Мало-помалу мною овладевала паника. Рассудок накрыло волной, я барахтался и тонул, теряя всякую способность мыслить здраво и вообще соображать. Вдруг схватило живот. Я едва успел спустить штаны и – не до стыда уж было – опорожнил взбунтовавшийся кишечник прямо на пол. Потом отполз в противоположный угол карцера, чтобы по возможности не нюхать собственную вонь. Я злился на себя – лучше бы принял их условия, – а еще пуще злился на Элен. В конце концов, все случилось из-за нее: нечего было заигрывать со стариком, понятно, что его благоверная приревновала. Я лежал без сил, грязный, мерзкий, зажимал уши, чтобы не слышать, как бегут стрелки, пытался спрятаться от сорвавшегося с цепи времени, чувствуя, как оно пожирает меня изнутри и превращает до срока в дряхлую развалину. Я был сломлен. Сдался сразу, понятий чести, совести, достоинства для меня больше не существовало. Все, что угодно, лишь бы не гнить в этой дыре.
Прошло, наверно, много времени, и вот наконец лязгнул, открываясь, замок. Луч фонарика скользнул по стене к полу, кто-то шмыгнул носом, принюхиваясь. Я узнал его сразу и прямо на четвереньках кинулся к своему спасителю.
– Месье Стейнер, выпустите меня отсюда, пожалуйста! Я на все согласен.
Я стоял перед ним на коленях, и от меня нестерпимо воняло.

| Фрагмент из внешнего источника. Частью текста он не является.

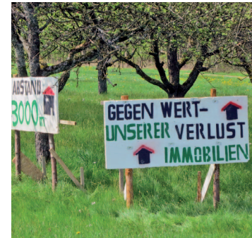
Die Sorge um finanzielle Verluste sind wichtiges Argument im Remstal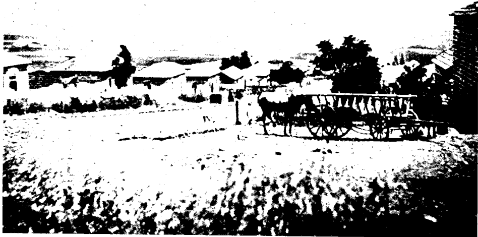
סגירה (תחילת המאה)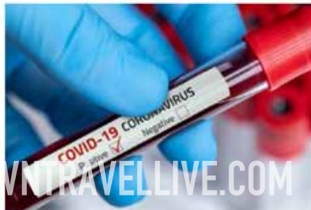
TIN TỨC Kháng thể vô hiệu hóa virus gây Covid- 19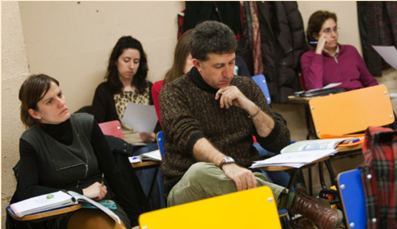
Las mujeres muestran más interés que los hombres en el aprendizaje de nuevos idiomas.

último curso sólo un 53% de los alumnos matriculados en inglés de nivel intermedio aprobaron. El porcentaje en francés en el mismo grado es del 40%, y en alemán sólo del 37%.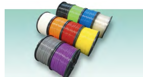
●豊富なカラーパリエーションのフィラメント

安全に関するご注意 商品を安全にお使いいただくため、ご使用前に必ず「取扱説明書」をよくお読みください。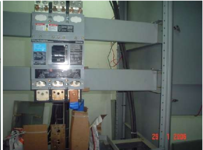
ADAPTACIÓN DE INTERRUPTOR DERIVADO SIN CORTE DE ENERGÍA ELÉCTRICA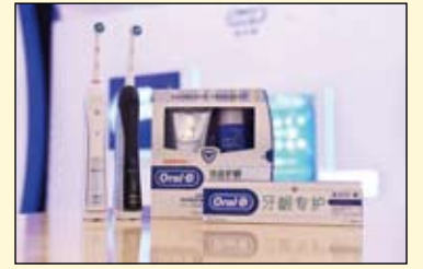
欧乐B洁齿护龈家用双管套装及牙龈专护系列

与欧乐B洁齿护龈家用双管套装同步上市的还有3款牙龈专护牙膏。通过全套护龈系列产品的推出，欧乐B将口腔专业护理成分与功效浓缩于家用，为万千中国消费者提供更全方位的家庭专业口腔护理体验。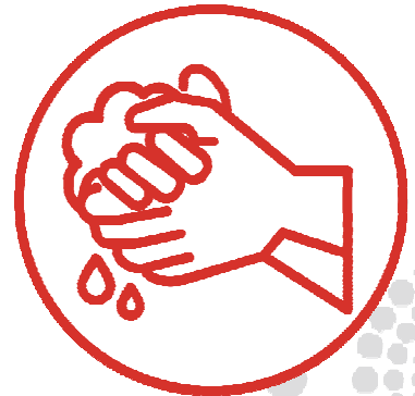
3. WASH 20 SECONDS 搓手20秒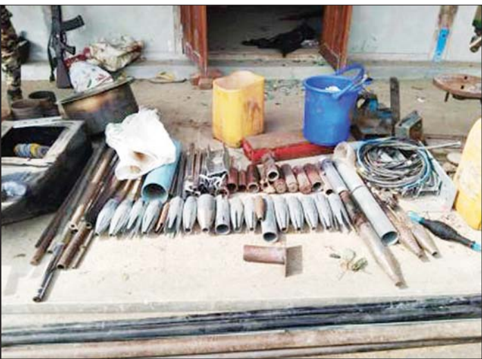
ထီးချိုင့်မြို့နယ် မရသိမ်ကျေးရွာရှိ စာသင်ကျောင်းအတွင်း ဝင်ရောက်စခန်းချ၍ အဖျက်အမှောင့်လုပ်ငန်းများ ဆောင်ရွက်နေသည့် PDF အမည်ခံ အကြမ်းဖက်သမားများအား ဝင်ရောက်ဖမ်းဆီးရာတွင် သိမ်းဆည်းရမိသည့် လက်နက်ပစ္စည်းများကို တွေ့ရစဉ်။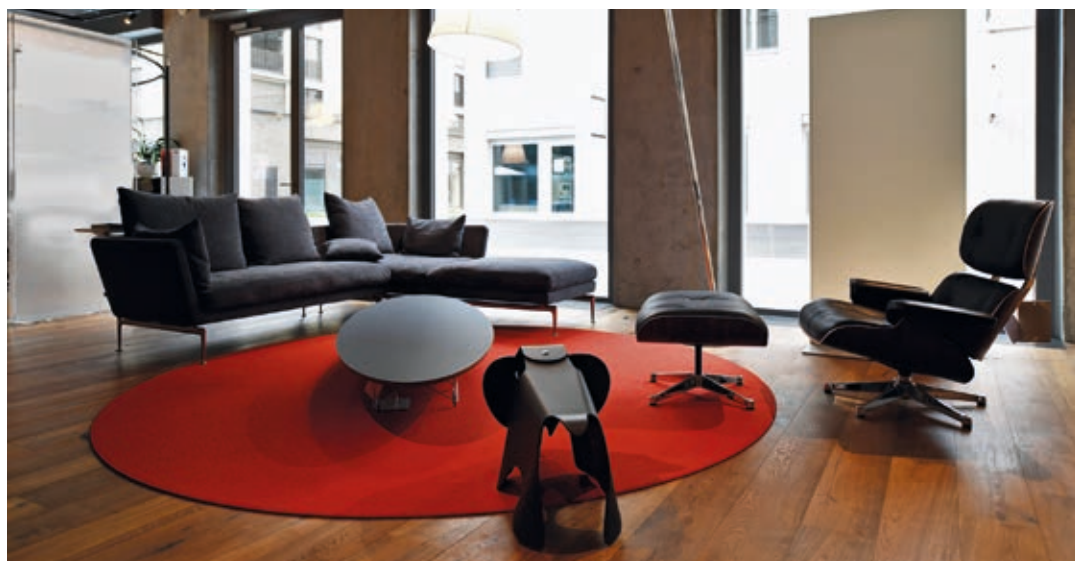
Sitzgruppe aus dem «Immo-Staging.ch Angebot» in der 3'000 m 2 grossen Ausstellung in der «Aeschbachhalle 6» Aarau.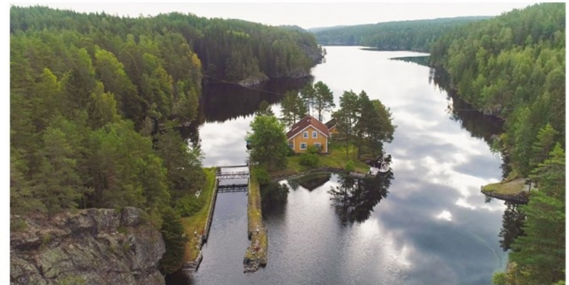
Over + øverst til venstre: Krappeto Sluseanlegg som idag ligger under vann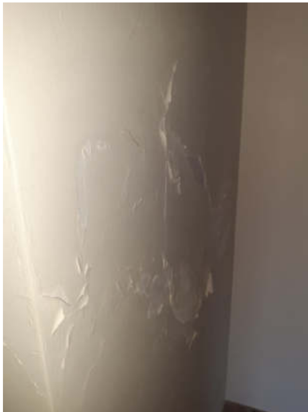
Vista particolare degli ammaloramenti accertati sulle superfici interne della U.I.U.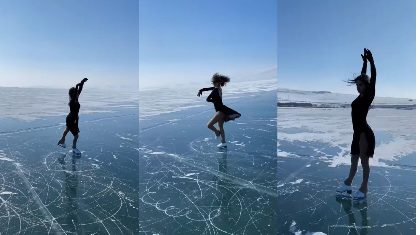
Milli sporcudan ıldır Gölü'nde buz pateni gösterisi Sosyal Medya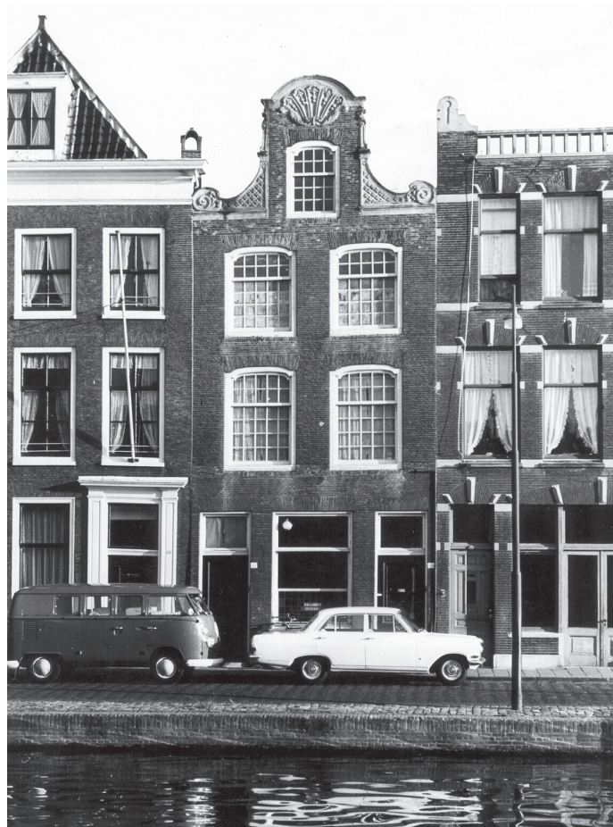
Oude Vest 103 anno 1967.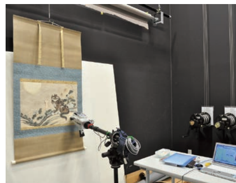
可搬型蛍光X線分析装置を用いた絵画の彩色材料調査 Investigation of colorants of a painting using portable X-ray fluorescence spectrometer

Various non-destructive analytical methods are applied to investigate materials, structures and conditions of cultural properties. In particular, on-site analyses using portable instruments are encouraged: X-ray fluorescence spectrometry and X-ray diffractometry for analysis of inorganic substances, FT-IR and visible reflection spectrometry for identification of organic compounds and X-ray radiography for investigation of internal structure. Analytical data obtained from these investigations are organized and made available to the public.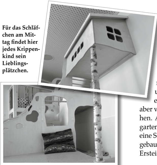
Für das Schläf- chen am Mit- tag findet hier jedes Krippen- kind sein Lieblings- plätzchen.

schiefe Aufgänge bis hinauf zu einem Baumhaus fast unter der Decke. Erstaun- licherweise kehrt über Mittag trotz der interessanten Umgebung Ruhe ein.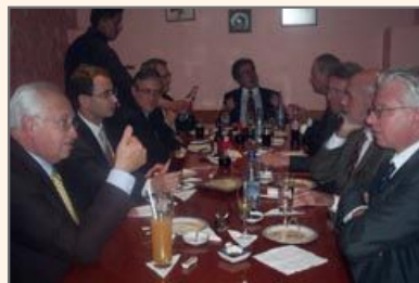
Vista general de la mesa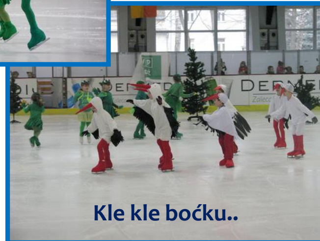
Kle kle boćku..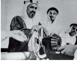
تصدير أول شحنة من النفط الكويتي

بدأ التنقيب عن النفط في دولة الكويت عام 1934م في حقل بجرة شمال الكويت ولكن الكميات التي عثر عليها كانت قليلة فاتجهت عمليات التنقيب للجنوب وترتب عليه اكتشاف كميات ضخمة في حقل البرقان.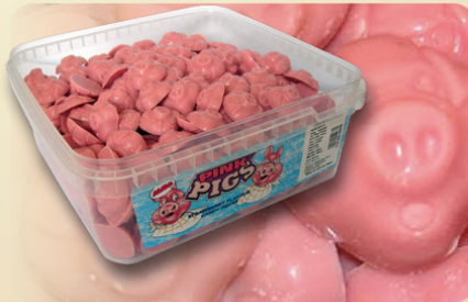
Cerditos 300 pz. x 3.4 gr. REF.21002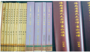
装帧不同的新修家谱。

无论是以家训明确下来的荣誉，还是对德行高尚者有几笔盖棺论定似的描述，如“好义名流”“勤俭持家”，都是写在纸上的一条精神脉络，熠熠生辉。在历史的长河中，逝者如斯，不变的是家谱中先人的遗训和风骨，经年累月也便成了家风。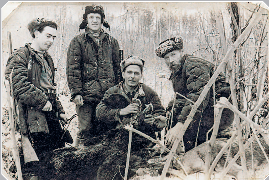
786. Добытый медведь (Богучанский район Красноярского края). Фото 1954 г.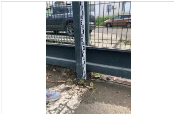
Dépôt de matières solides

Différence entre le niveau d'eau et la référence (en m) : 0.400 m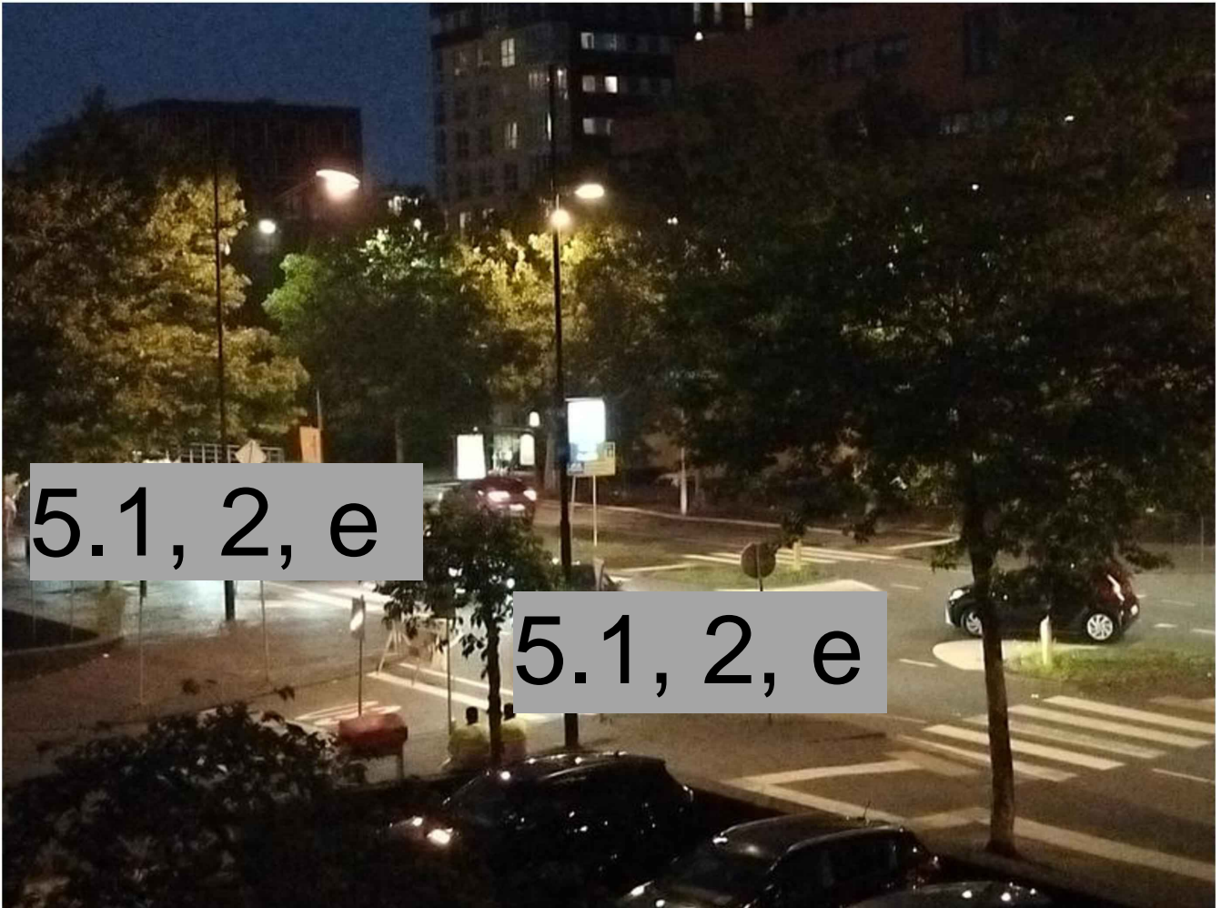
IMG_20250726_222400.jpg op 26-07-2025 22:30 door melder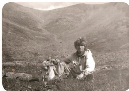
Хибины, 1993 год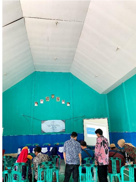
Gambar 2.5 Praktek Pembukuan Menggunakan Aplikasi Buku Kas

Gambar 2.4 menunjukkan pemamparan materi pelatihan yaitu apa itu pembukuan, tujuan pembukuan, manfaat pembukuan, dan cara pembuatan pembukuan.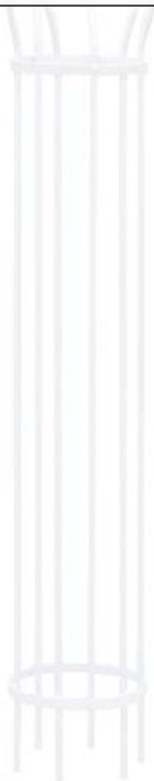
Baumschutzgitter TULIP, 1870 x 345 mm, feuerverzinkt

– Мне так неудобно… – пробормотал я, кивнув на свои штаны.
Стейнер, стоя на пороге, пошарил лучом фонарика по стенам, затем осветил часы.
– Всякий раз, когда я спускаюсь сюда, у меня такое же чувство, как в детстве, – будто меня хоронят заживо. Я понимаю, как тебе страшно.
От его неожиданного «ты» и сочувственного тона я чуть не прослезился.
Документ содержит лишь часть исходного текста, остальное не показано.